Работа состоит из двух панелей, на каждой – шелкография оригинального изображения, которое Уорхол повторил 25 раз, располагая по пять в ряд, как почтовые марки на листе. С левой панели, имеющей оранжевый фон, зрителю улыбается Мэрилин Монро с лицом цвета фуксии и желтыми волосами, полуоткрытыми красными губами. Это сама суть великой иллюзии знаменитости, созданной киномагнатами и редакторами глянцевых журналов: особый мир, в котором сосуществуют идеальная красота и беззаботное счастье. И насколько же резкий контраст с правой панелью, которую Уорхол напечатал черно-белой.
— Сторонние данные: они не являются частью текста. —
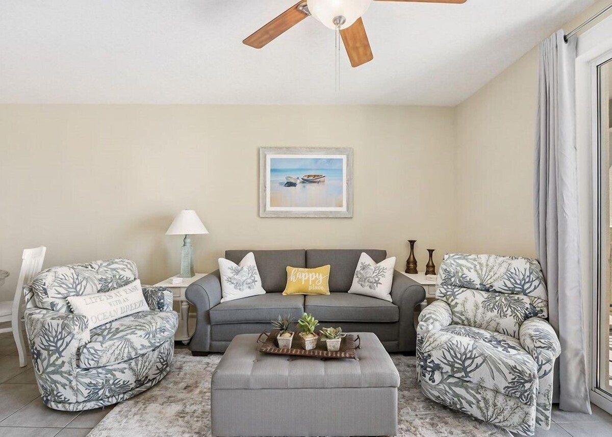 Welcome to Grand Panama 2 - 204. If you are looking for a Panama City Beach vacation rental that offers you incredible views of the world's most beautiful beach, our 2 bedroom, 2 bath vacation rental condo that sleeps up to 8 is just the spot for you and your family. The balcony here gives you the best spot for beautiful beach and gulf views as well as seeing all the action on Front Beach Road. And get ready to enjoy the magnificent sunsets in the evening. Plus, everything is so close. Taking your fur baby for a walk or enjoying the beautiful swimming pool hot tub or grilling out is just a short elevator ride from the 2nd floor to the first. Or only a few steps down to the first floor. Can have 2 dogs up to 25 lbs only. (Pet fee is $150 per dog and resort has strict policy for weight limit and small breed only.) Starting Sept 1st 2024 the resort will require a $20 fee to bring your pet. You’ll also find many attractive features in our cozy beach residence: • Carefree check in so that you go right to this home • Beautiful living space on the 2nd floor • Covered balcony overlooking the gulf and so close you’ll hear the waves • 5th Floor walkover for easy access to the beach and all the amenities Grand Panama offers • The living room features a queen sleeper sofa and NEW 50” SMART TV for movie nights!! • Fully equipped Kitchen with NEW refrigerator with icemaker and in-door dispenser and dishwasher plus blender, coffeemaker, toaster and more! • Master Bedroom has NEW King bed and a 50” SMART TV!! • Master Bath has jetted tub and separate shower • Guest Bedroom has a NEW King bed and a 50” SMART TV!! • There’s a kid-friendly bunk area with sturdy twin bunks • Second Bath has a Tub/Shower combination • There is wireless internet access throughout the residence • There is a washer and dryer located in the unit If you are looking for the beach rental with the best views of the world's most beautiful beaches and plenty of space for a couple or small family, Grand Panama 2 - 204 is just the place to enjoy a truly memorable beach vacation. This condo is so popular, it rents most of the year. So, if you want to be sure your family has the luxury beach vacation they deserve, reserve it now, because it won't be available later. Starting Dec 1st 2024 the pool and hot tub will be closed for minor repairs until Dec 6th You must be at least 25 years of age to rent this property. During Spring Break , the minimum acceptable ratio is one (1) person 25 years of age for every two (2) persons under 25 years of age. Note: Guests must register with the resort for parking passes and pool bands. The registration fee is $55 . This fee includes up to (1) one parking pass and armbands for each member of your party an extra pass is $35. Motorcycle parking is available at $55 per motorcycle. Adults and children 13 years of age and older are required to wear armbands while on property. GRAND PANAMA PET STIPULATIONS: Pets are only allowed in rental properties marked pet friendly and must be disclosed at time of booking. A non-refundable pet fee is charged for anyone bringing a pet, including Emotional Support Animals. Guests who wish to bring a pet to Grand Panama must apply for a conditional license and receive a pet tag, which is to be displayed on the pet while on property. Guests must complete their animal registration form, provide proof of vaccinations, and applicable documentation for service animals to receive a pet tag. Pet tags are picked up at the front desk of tower 2. The leash law applies at all times besides in your condo. The beach, pool, and pool deck are not pet friendly areas. Conditional licenses can be revoked if the association finds the pet without a tag, is vicious, or a nuisance to guests. A pet or any evidence of a pet found on the property that was not previously disclosed by the guest is cause for eviction with forfeiture of moneys paid plus additional cleaning charges. DOGS ONLY 2 pet maximum, 25 lb weight limit Our prices include all fees. No hidden fees.

25 Мэрилин на этой стороне, хотя и с той же фотографии, настолько угрюмые и затравленные, насколько веселы и радостны те, что слева. Эти Мэрилин как будто стерты и размыты: блеклые и едва различимые. Здесь аллюзия на смерть актрисы, случившуюся всего несколькими неделями раньше, как и раздумье о цене славы, этой опасной игры, в которой в конечном итоге теряешь личность, самоощущение, а в случае Монро – и волю к жизни. В «Диптихе Мэрилин» есть что-то от «Портрета Дориана Грея» Оскара Уайльда. С одной стороны, образ Мэрилин никогда не стареет – она молодая и красивая, чувственная и живая. А совсем рядом – пылится на чердаке, можно сказать, – картина ее безобразного превращения из шелковой экранной дивы в призрак, лишенный какой бы то ни было привлекательности.

Это одна из наиболее значимых работ Уорхола и опять же не совсем продукт его гениального ума. Коллекционер Бартон Тремейн с женой заглянули как-то в нью-йоркскую студию Уорхола посмотреть, над чем работает художник. Уорхол показал им свои работы, среди которых были две шелкографии Мэрилин Монро: одна в цвете, другая – черно-белая. Миссис Тремейн предложила художнику объединить их в «диптих», на что Уорхол воскликнул: «Черт возьми, конечно же!» И так живо он отреагировал, что Тремейнам ничего не оставалось, кроме как купить обе картины – что они и сделали.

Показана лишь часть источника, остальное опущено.